Il Tfn (Tribunale Federale Nazionale) gli ha dato ragione ed è tornato a far parte a tutti gli effetti degli arbitri della massima serie del campionato italiano di calcio e della serie B: il 40enne Rosario Abisso, nato a Palermo, ha avuto ragione ed è stato riammesso in Can.
La vicenda
Al termine della scorsa stagione, infatti, è stato dismesso per sopraggiunti limiti di età, una regola che è stata introdotta per fare in modo di avere un certo ricambio generazionale. Questa regola non è “inattaccabile” ma, più che altro, presenta margini di errore e discrezionalità. Abisso, giustamente, non ha accettato passivamente il suo destino facendo ricorso. Per questa ragione, infatti, il Tfn ha ritenuto illegittima la delibera dell’Aia lo scorso 1° luglio come pubblicato sul sito web della Figc.

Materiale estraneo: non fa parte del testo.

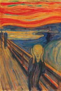 “I was walking along a path with two friends – the sun was setting – suddenly the sky turned blood red – I paused, feeling exhausted, and leaned on the fence – there was blood and tongues of fire above the blue-black fjord and the city – my friends walked on, and I stood there trembling with anxiety – and I sensed an infinite scream passing through nature.” Edvard Munch, 1893
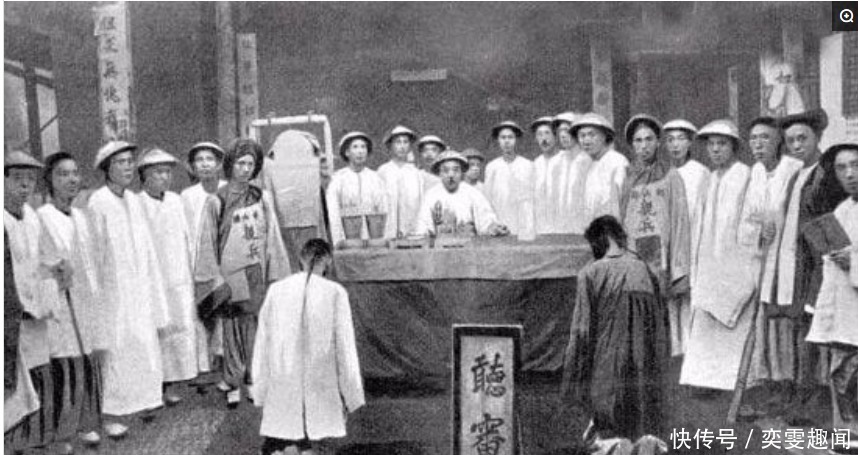 晚清罕见真实老照片:图为晚清一个衙门的官老爷正在升堂审案,后面站着一群官兵,两个犯人跪在堂下不敢抬头。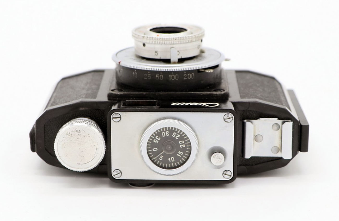 Вверху на корпусе аппарата находится счётчик кадров со спусковой кнопкой,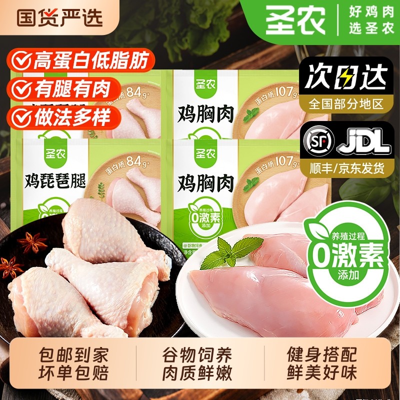 圣农鸡胸肉新鲜鸡腿冷冻健身代餐生鲜现杀非即食去皮琵琶腿鸡脯肉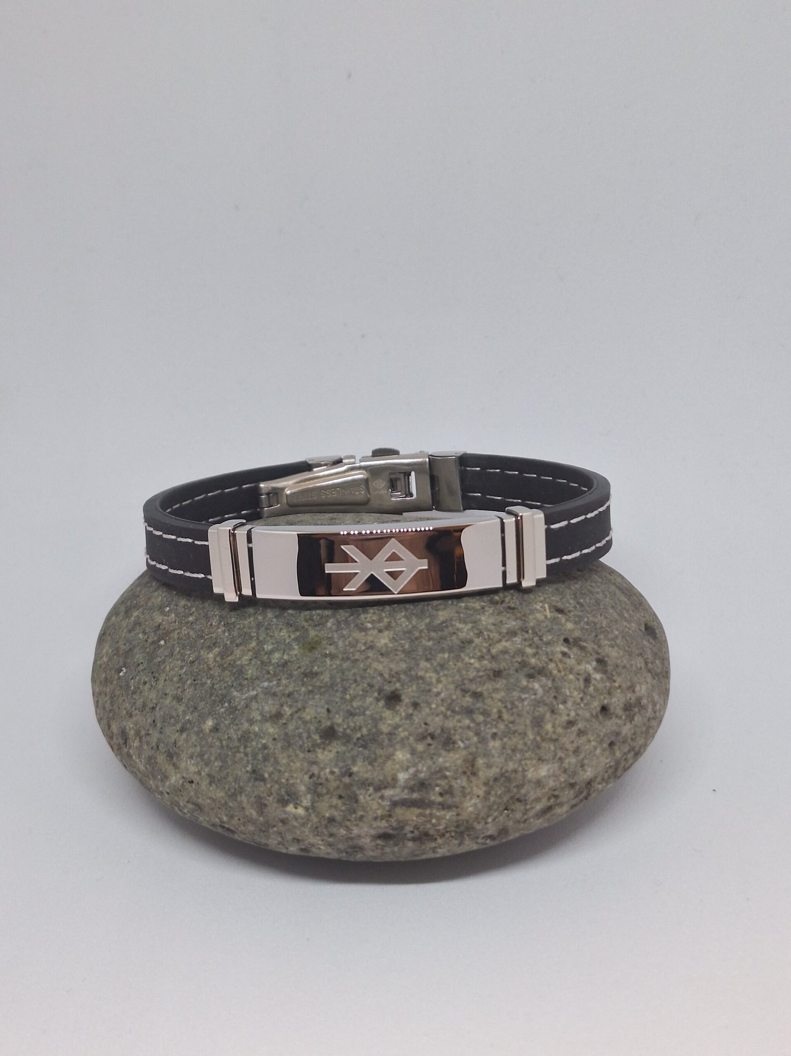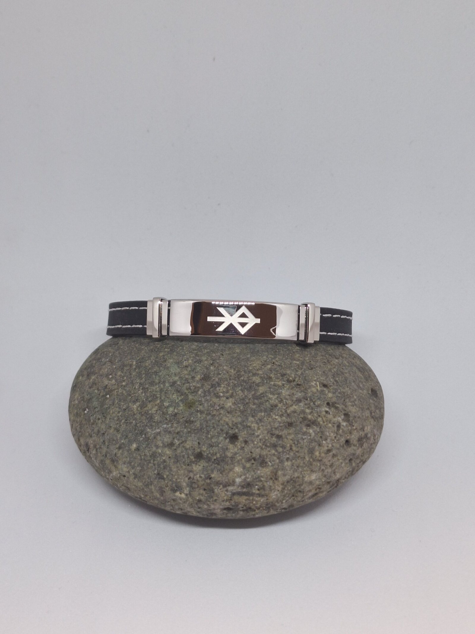 Ein Hjarta bindrúna er grava í hettar vakra armbandi, ið hevur ein rustfríða stál plátu og spenni og eina gummi reim ið kann styttast um tað er neyðugt.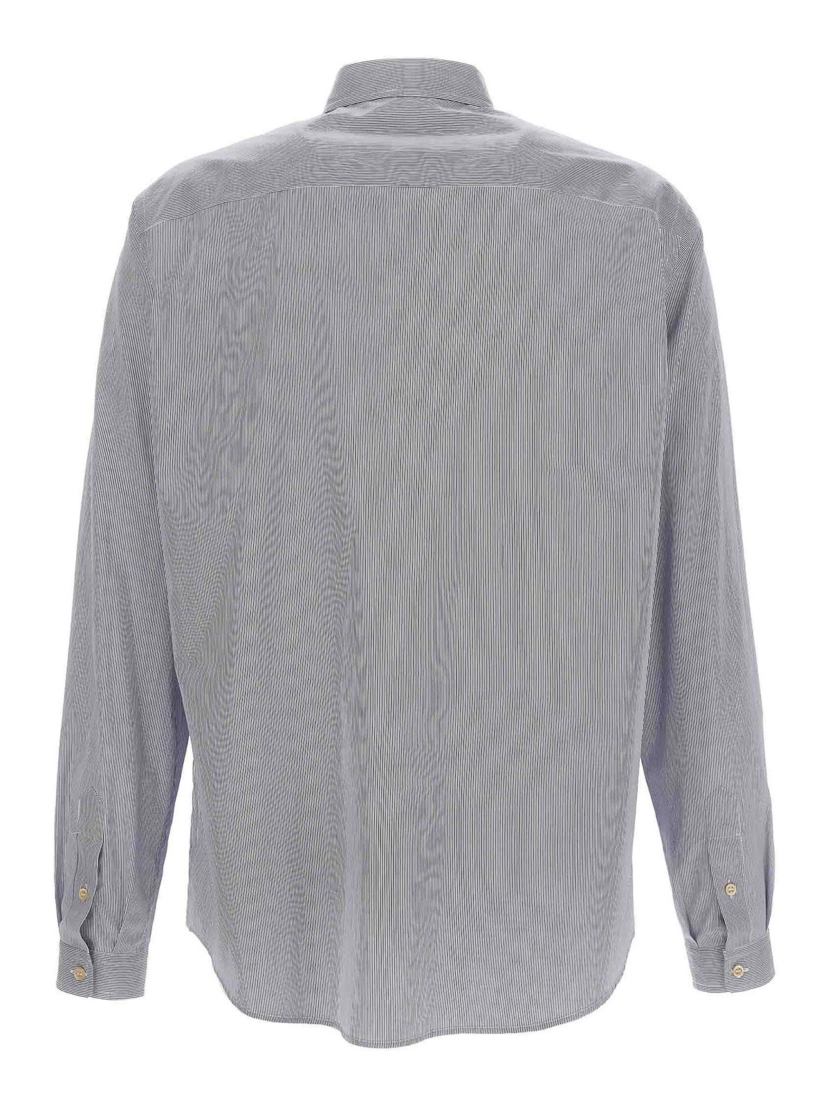ストライプコットンシャツ、襟、フロントボタン留め、ロゴ刺繍入りパッチポケット、ロングカフスリーブ。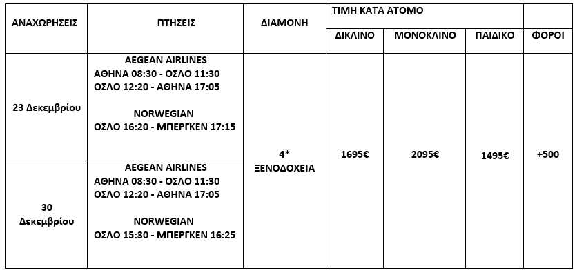 ΝΟΡΒΗΓΙΑ - 6 ΗΜΕΡΕΣ - ΧΡΙΣΤΟΥΓΕΝΝΑ - ΠΡΩΤΟΧΡΟΝΙΑ - ΘΕΟΦΑΝΕΙΑ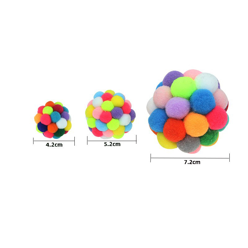 七彩毛绒球内置铃铛,轻微铃声和弹性适合猫咪,颜色一般随机是七彩色,单个无包装,50个一袋,需要定制可以联系客服。七彩猫咪球2_01

Il reintegro tra gli arbitri
In un primo momento era già avvenuta la sospensione del provvedimento dell’Aia, motivo per il quale Abisso ha partecipato con i suoi colleghi al raduno pre-campionato. Poco tempo dopo è arrivata anche la vittoria del suo ricorso. Fino ad ora, dal 2014, il fischietto nato a Palermo ha diretto ben 124 gare in serie A.
Qual è la norma
Come ricorda il Corriere dello Sport, Abisso ha avuto ragione perché un ricambio generazionale può avvenire dopo 10 anni di onorata carriera dalla stagione 2020-2021 quando è entrata in vigore. In questo modo, il decennio si deve conteggiare da quel momento, non da prima, con uno sbarramento che può avvenire soltanto a partire dalla stagione 2029-2030.